Suppose we have a semisphere of radius 1. We choose two random points inside it with a uniform distribution. That is, if we pick random points insed it, they will be uniformly distributed.
What is the average distance between two randomly selected points inside the semisphere?
Similarly, conside a quarter-sphere with radius 1.
What is the average distance between two randomly selected points inside the quarter-sphere?
Hemisphere only. Only need to change limits of integration and leading weight of integral to solve for qarter sphere case.

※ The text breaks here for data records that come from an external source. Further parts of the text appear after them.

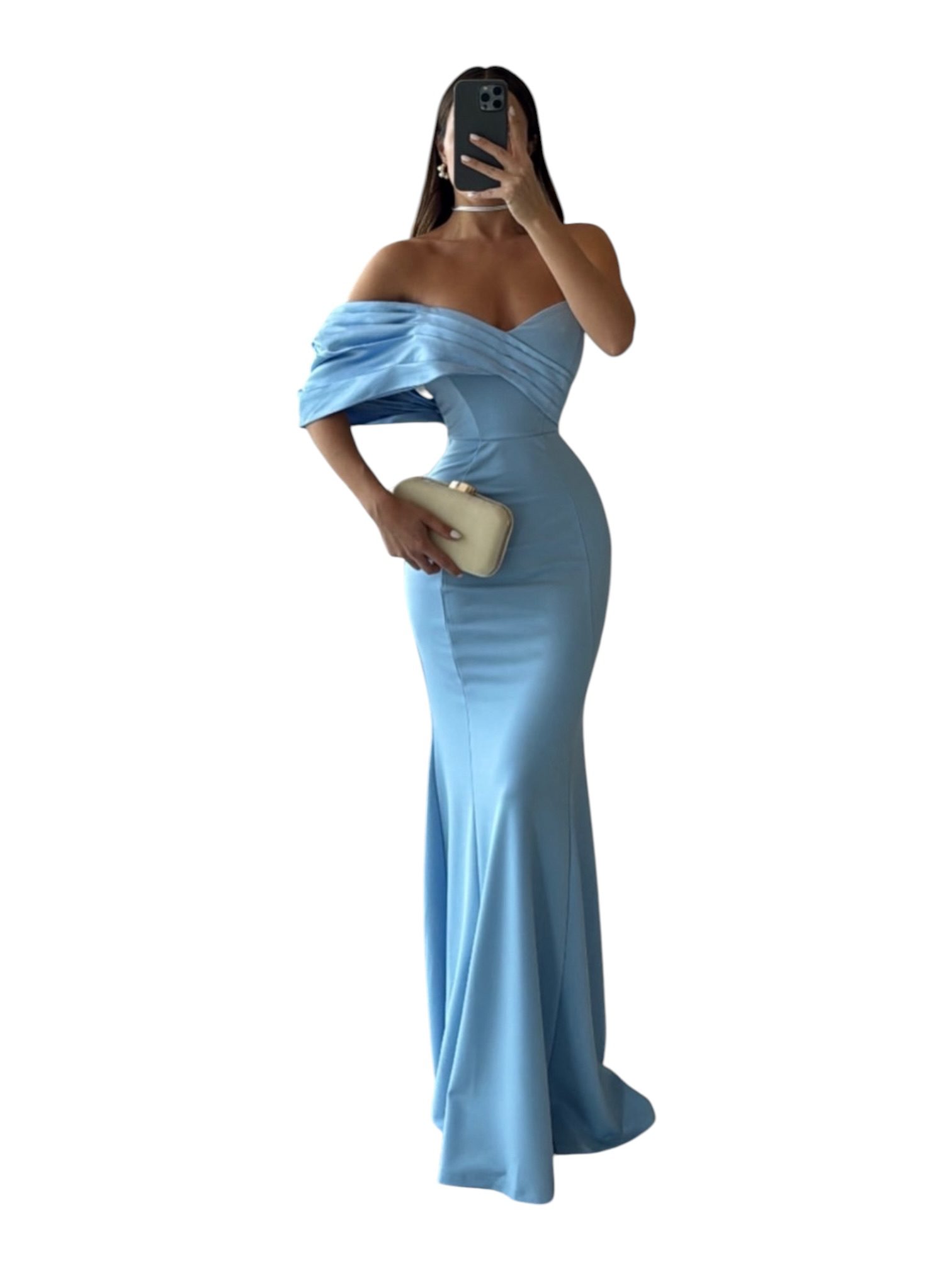Vestido Azul Cielo Con Drapeado Cruzado
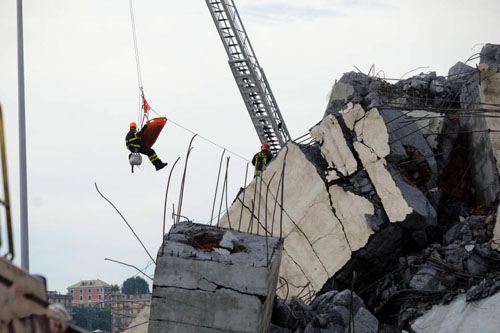 Cầu Morandi ở Genoa, miền bắc Italy, bị sập vào lúc 11h30 ngày 14/8 (16h30 giờ Hà Nội). Cảnh sát Italy cho biết ít nhất 35 người đã thiệt mạng và lo ngại con số này sẽ còn tăng lên. Hàng trăm lính cứu hỏa và chó nghiệp vụ được huy động tìm kiếm các nạn nhân bị chôn vùi.
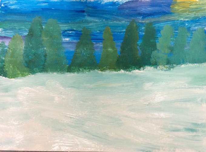P4 really enjoyed exploring tone and texture with acrylic paint! Beautiful winter scenes p4!
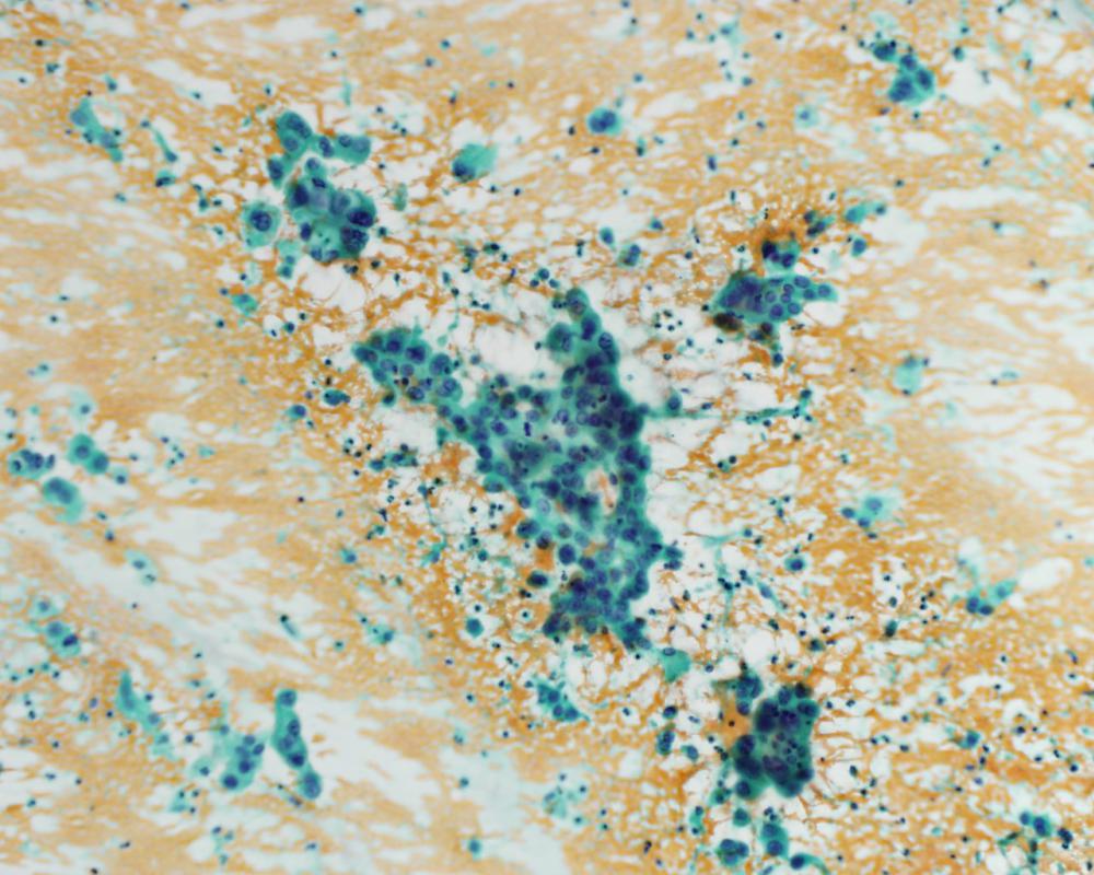現病歴:前立腺癌の経過観察のCTにて右肺結節を指摘された。PSA含めて腫瘍マーカーは正常であった。本標本は術中迅速組織診断用に提出された肺腫瘍の捺印細胞診検体である。
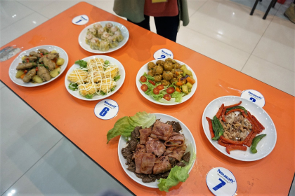 活动现场,决赛的七组学生选手纷纷亮出“看家绝技”,按照大赛主题——寻找家乡的味道,精心制作出了芝士炸番茄、红焖鸡翅、青椒炒鱿鱼、瑞典丸子、虾仁猪肉干蒸等7道各色美食,10余名师生评委代表就色、香、味、形进行点评和打分。最终,16级的朱小丹和梁丽怡组成的“I love you”小组制作的菜肴 “虾仁猪肉干蒸”获得了评委们一致的好评,赢得了比赛的第一名。
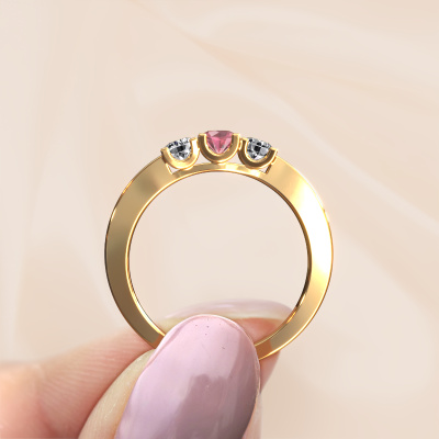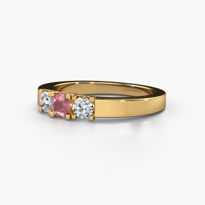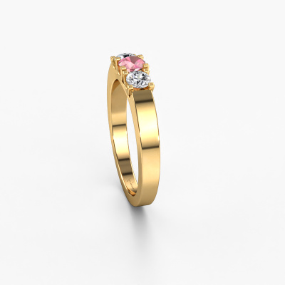 This extraordinary ring is called Selina 1. This type of ring is known as a memoire ring, because its gemstones are set in a continuous line. This makes it easy to combine with other rings. The band of this 14 Carat gold ring is set in a combination of tourmaline pink and diamond 3.7 mm. You can easily choose the combination you prefer online. As you can see, a single tourmaline pink is set in this single alliance gold ring. The memoire ring represents collaboration. And that is precisely what these gemstones do, collaborate. Together they add a beautiful effect to the band of a modern ring! Such a meaningful ring, wouldn't you agree? All our hand selected tourmaline pink are positioned by hand by our expert goldsmith. It's a precise task, which can only be completed successfully through the combination of pure craftsmanship and usage of the latest techniques which give it an optimal effect. To create a perfect reflection of light, all the gemstones have to be perfectly aligned in the same way. During manufacturing, the expert goldsmith will therefore monitor the reflection of light constantly to check whether the tourmaline pink are aligned properly. This requires a skilled hand and a lot of patience but then the end product will be a true piece of art. And that is our mission!By using our modern techniques, we can design and customize the finest quality jewels with the utmost care for you. Our rings are always priced 30 percent lower than other jewellers. We make rings to order, so we don't have to maintain a large stock. If you have a certain budget, we are more than happy to advice you accordingly.New jewellery designs are added to our online collection daily. Our team of passionate designers strive to create extraordinary and diverse designs. Have you seen a ring you like? Please feel free to contact us. Based on a good price/ quality ratio, we will make you an offer you can't refuse!To make it easier for you, we offer a 30 day return policy. Check our terms and conditions.
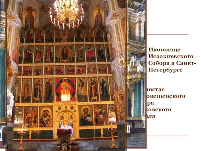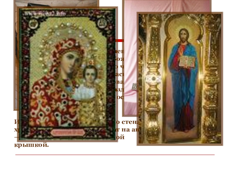 Иконы также размещаются по стенам храма в рамах — киотах, лежат на аналоях — особых столиках с наклонной крышкой.
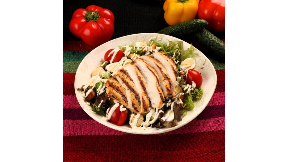 Salata, carne de pui, roșii, ouă, crutoane, sos de maioneză, lapte, usturoi, verdeață 350 g
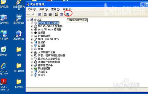 2、卸載以后 ,選取圖中的 掃描硬件改動(dòng),重裝網(wǎng)卡驅(qū)動(dòng)
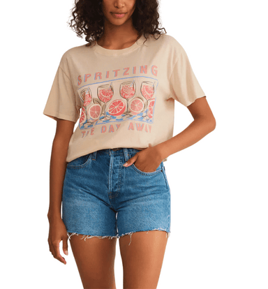 Z SUPPLY: Citrus-soaked and playful, this relaxed tee brings the vibes with a colorful screen print with the phrase "Spritzing the Day Away." Made...
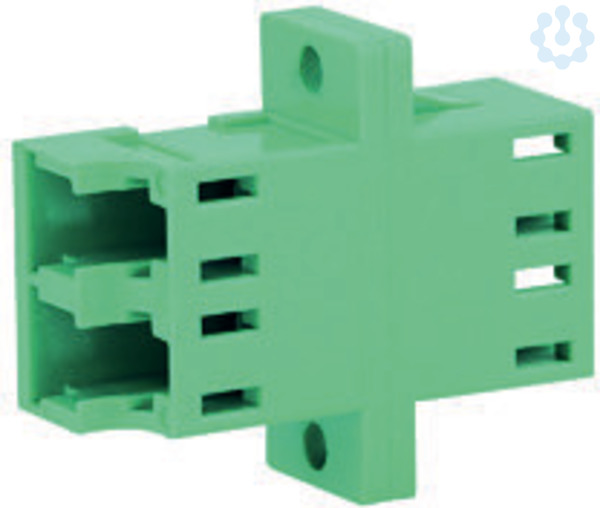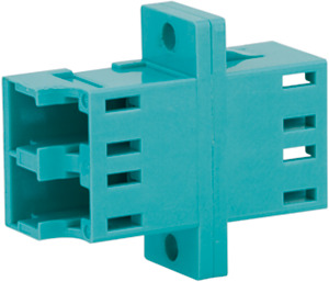 Bezeichnung: LC Duplex Kupplung, Multimode, Keramikhülse, Kunststoffgehäuse, türkis Einbauart: Einschnapp- oder Schraubmontage Gehäusefarbe: türkis Einbaumaß: Z77
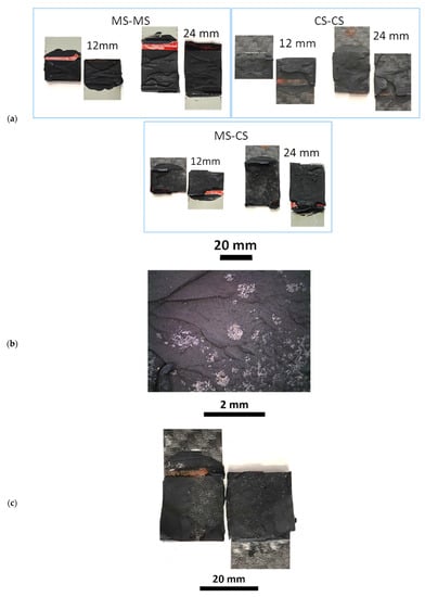 Figure 4a–c illustrate the representative failure surfaces obtained for the different configurations, a higher magnification of the CS-CS failure surface and an optical microscope image that shows the adhesive spots that have been depicted on CS specimens, respectively. Figure 4a shows that MS-MS configuration exhibits a fully cohesive failure (the SLJ samples fail through the adhesive) for both adhesive joints prepared with both 12 and 24 mm overlaps. The adhesive joints prepared with composite specimens and with dissimilar substrates macroscopically present a cohesive failure as well. However, a mixed adhesive/cohesive failure mode can be detected in Figure 4b,c by observing the small brighter spots using a microscope. In particular, Figure 4b presents some clearer areas that are zones of the visible surface of the CFRP substrate. As shown in Section 3.1, this led to a lower value of the shear strength. Figure 4c shows also that the adhesive failure spots are not always uniformly spread on the whole surface but are limited to the right part of the substrate in this specific case. However, the inspection of all the substrates involved in the experimental campaign showed that the spots can be present in different parts of the substrates. As a proof of this behaviour, CS-CS_12 mm and CS_CS_24 mm shown in Figure 4a present these spots on the left side and the top part. On the other hand, MS-CS_12 mm and MS-CS_24 mm show that these areas are on the right and top part of the specimens, respectively.
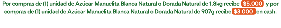 Azúcar Manuelita de 907 Gr (referencias participantes), es de COP $18.000, sin importar el valor total de la factura registrada.
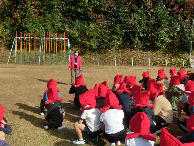 「火災避難訓練」をしました。1分53秒で素早く集合完了!!さすが、素早い!少ない!校長先生から、火事を起こさないために大切なことのお話をしていただきました。空気が乾燥する季節です。火の元にはくれぐれも注意しましょう。決して「まかせてね 今日の火事」にならないように!
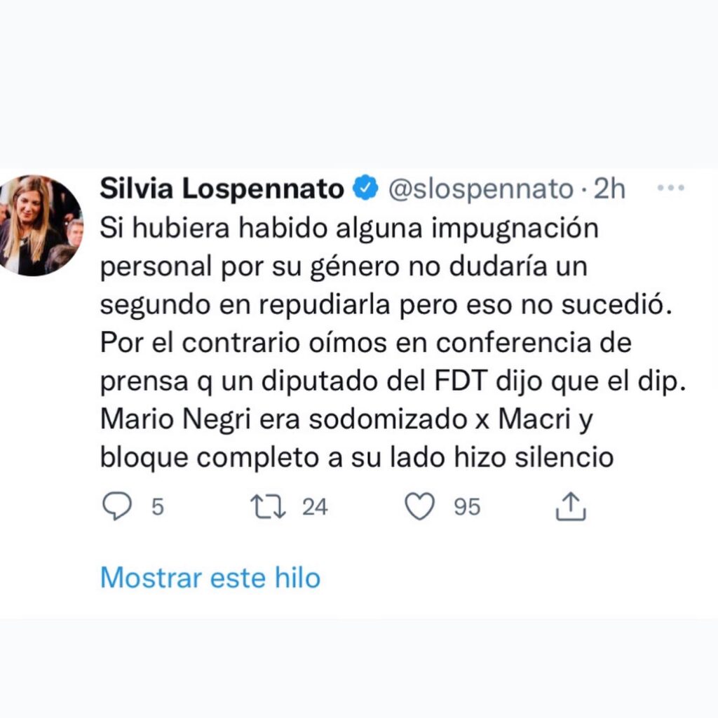 Silvia Lospennato ( Dip y Secretaria Parlamentaria de JxC ) afirmó ; “Si hubiera habido alguna impugnación personal por su género no dudaría un segundo en repudiarla pero eso no sucedió. Por el contrario oímos en conferencia de prensa q un diputado del FDT dijo que el dip. Mario Negri era sodomizado x Macri y bloque completo a su lado hizo silencio”
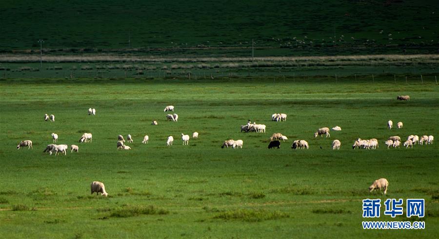7月18日,羊群在內(nèi)蒙古錫林郭勒盟正鑲白旗境內(nèi)的草原上覓食。連日來(lái),內(nèi)蒙古錫林郭勒盟迎來(lái)多次降雨,境內(nèi)廣袤的草原經(jīng)過(guò)雨水的滋潤(rùn),煥發(fā)出勃勃生機(jī)。新華社記者魏婧宇攝
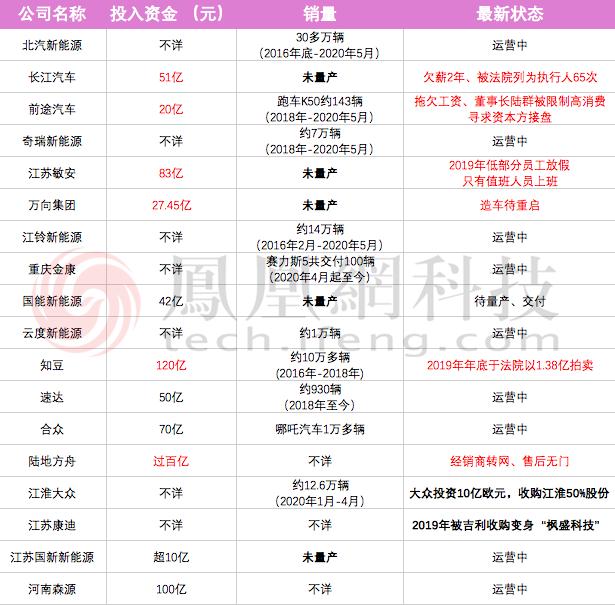 就连获得了发改委生产资质的18家厂商,目前至少有5家公司没能实现量产,多家公司在2018年后也陆续爆出欠薪裁员、被拍卖或收购。这些拿到资质的厂商还并非完全没有造车的经验,大多在传统汽车领域摸爬滚打多年,投入都上十几亿、甚至上百亿。
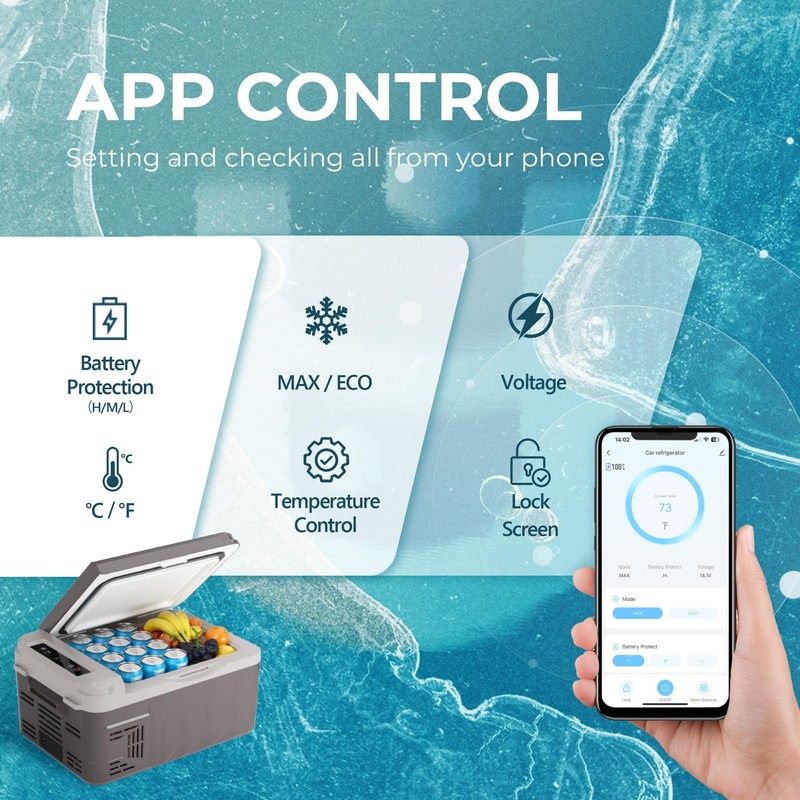 - Powerful Compressor & APP Control:This compact and portable 12V cooler combines convenience and performance with its spacious 11 quart capacity, functioning seamlessly as both a fridge and freezer. Powered by an advanced compressor, it rapidly cools from 68°F to 32°F in just 15 minutes, ensuring your food and drinks stay fresh and chilled. Enhanced with Bluetooth connectivity and app control, this portable freezer allows you to effortlessly monitor and adjust settings remotely.
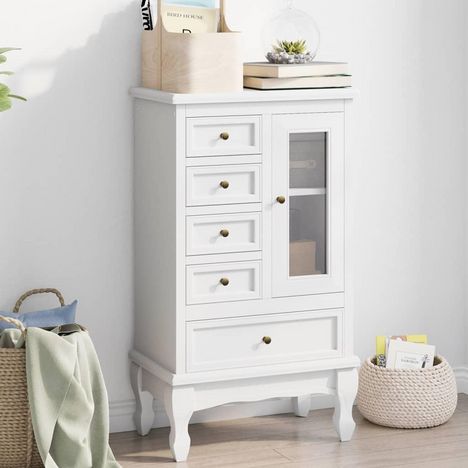 Armoire avec 5 tiroirs et 2 etageres Blanc
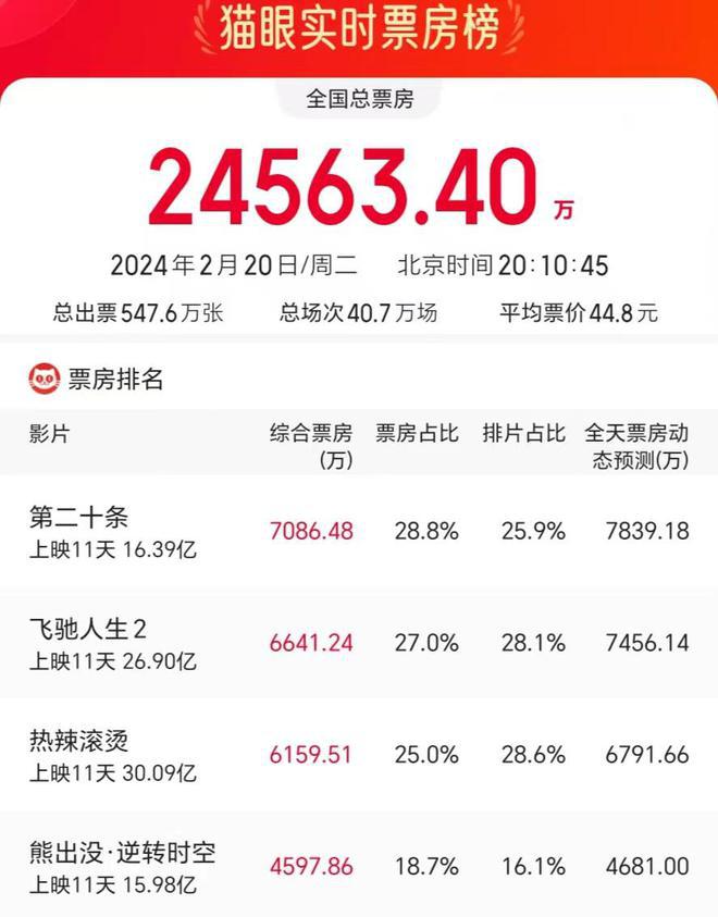 《第二十条》在排片低于《热辣滚烫》和《飞驰人生 2》的前提下,上座率大幅领先,首次实现逆势反超,登顶夺冠。
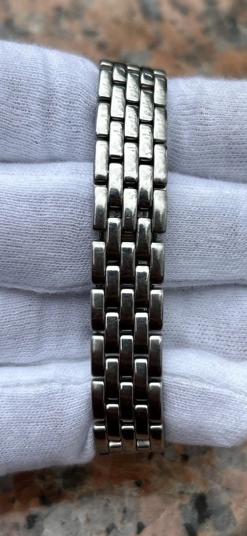 Mazal718 All Items undergo a professional inspection prior to shipment. Please review the condition and photos carefully prior to making a purchase. If your account has fewer than 10 feedback ratings, please contact us before buying. *International Buyers* Import duties, taxes, and additional chargers are not factored into the items price or shipping cost. These costs are the responsibility of the buyer. Please check with your country's customs office to understand what these extra fees might be before purchasing. customs fees are usually billed by the shipping company or collected when you retrieve the item. we will dispatch your order within 2-3 business days after receiving payment. PRODUCT DETAILS : Brand CARTIER Model panthere Reference Number 1320 Serial Number cc206144 Gender Ladies Metal Stainless Steel Case Size 22.00MM Wrist Size This watch will currently comfortably fit the average female wrist up to 5.5 - 6 inches. Please contact us prior to purchasing this item if the removal or the purchase of additional links is necessary. Movement Original CARTIER Swiss Quartz Movement. (New Battery) Crystal Original CARTIER Scratch-Resistant glass in great condition. Dial Original CARTIER White Dial with roman numeral style. Blue hands. Bezel Original CARTIER Stainless Steel bezel in great condition. Band Original CARTIER STAINLESS STEAL BAND.
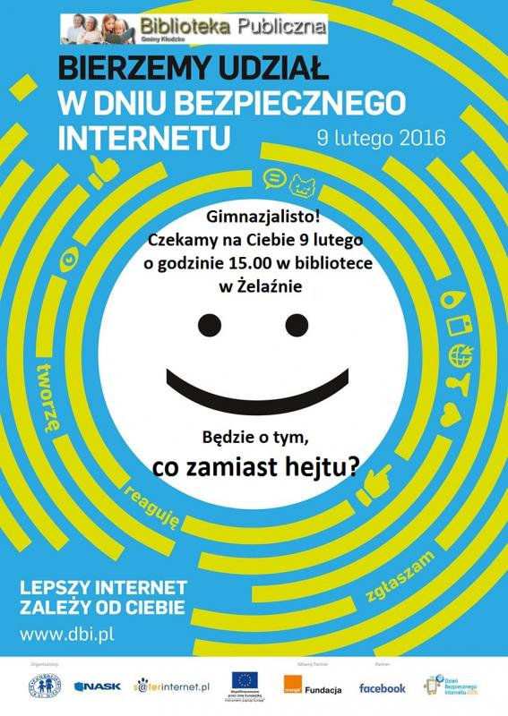 We wtorek 9 lutego, w Filii Biblioteki Publicznej Gminy Kłodzko w Żelaźnie zostały przeprowadzone zajęcia z okazji Dnia Bezpiecznego Internetu pod hasłem „Lepszy Internet zależy od Ciebie”. Na spotkanie przyszło pięciu gimnazjalistów: Ola, Natalia, Emil, Marcin i Damian.

$d^2=(r_1\cos\theta_1\sin\phi_1-r_2\cos\theta_2\sin\phi_2)^2+(r_1\sin\theta_1\sin \phi_1-r_2\sin\theta_2\sin\phi_2)^2+(r_1\cos\phi_1-r_2\cos\phi_2)^2$
$d^2=r_1^2\cos^2\theta_1\sin^2\phi_1+r_2^2\cos^2\phi_2\sin^2\phi_2^2-2r_1r_2\sin\phi_2\sin \phi_1\cos\theta_1\cos\theta_2+r_1^2\sin^2\theta_1\sin^2\phi_1+r_2^2\sin^2\theta_2\sin^2\phi_2-2r_1r_2\sin\theta_1\sin\theta_2\sin\phi_1\sin\phi_2+r_1^2\cos^2\phi_1+r_2^2\cos^2\phi_2-2r_1r_2\cos\phi_1\cos\phi_2$
$d^2=r_1^2+r_2^2-2r_1r_2\sin\phi_1\sin\phi_2\cos(\theta_1-\theta_2)-2r_1r_2\cos\phi_1\cos\phi_2$
$\frac{3}{2\pi R^3}\int_0^R\int_0^{2\pi}\int_0^{\pi/2}\sqrt{r_1^2+r_2^2-2r_1r_2\sin\phi_1\sin\phi_2\cos(\theta_1-\theta_2)-2r_1r_2\cos\phi_1\cos\phi_2} \ r_2^2\sin \phi_2 d\phi_2 d\theta_2dr_2$
WLOG $\theta_1=0.$
$\frac{3}{2\pi R^3}\int_0^R\int_0^{2\pi}\int_0^{\pi/2}\sqrt{r_1^2+r_2^2-2r_1r_2\sin\phi_1\sin\phi_2\cos(\theta_2)-2r_1r_2\cos\phi_1\cos\phi_2} \ r_2^2\sin \phi_2 d\phi_2 d\theta_2dr_2$
$r_1=\alpha R$. $r_2=\beta R. dr_1=Rd\alpha. dr_2=Rd\beta $
$F(\alpha, \phi_1)=\frac{3R}{2\pi }\int_0^1\int_0^{2\pi}\int_0^{\pi/2}\sqrt{\alpha^2+\beta^2-2\alpha\beta\sin\phi_1\sin\phi_2\cos\theta_2-2\alpha \beta\cos\phi_1\cos\phi_2}\beta^2\sin \phi_2d\phi_2d\theta_2d\beta$
$<d>=\frac{4}{\pi }\int_0^1\int_0^{\pi/2} F(\alpha,\phi_1) \alpha d\alpha d\phi_1$
I don't think the integrals have a closed form. Probably need to use elliptical integrals or numerical methods to evaluate.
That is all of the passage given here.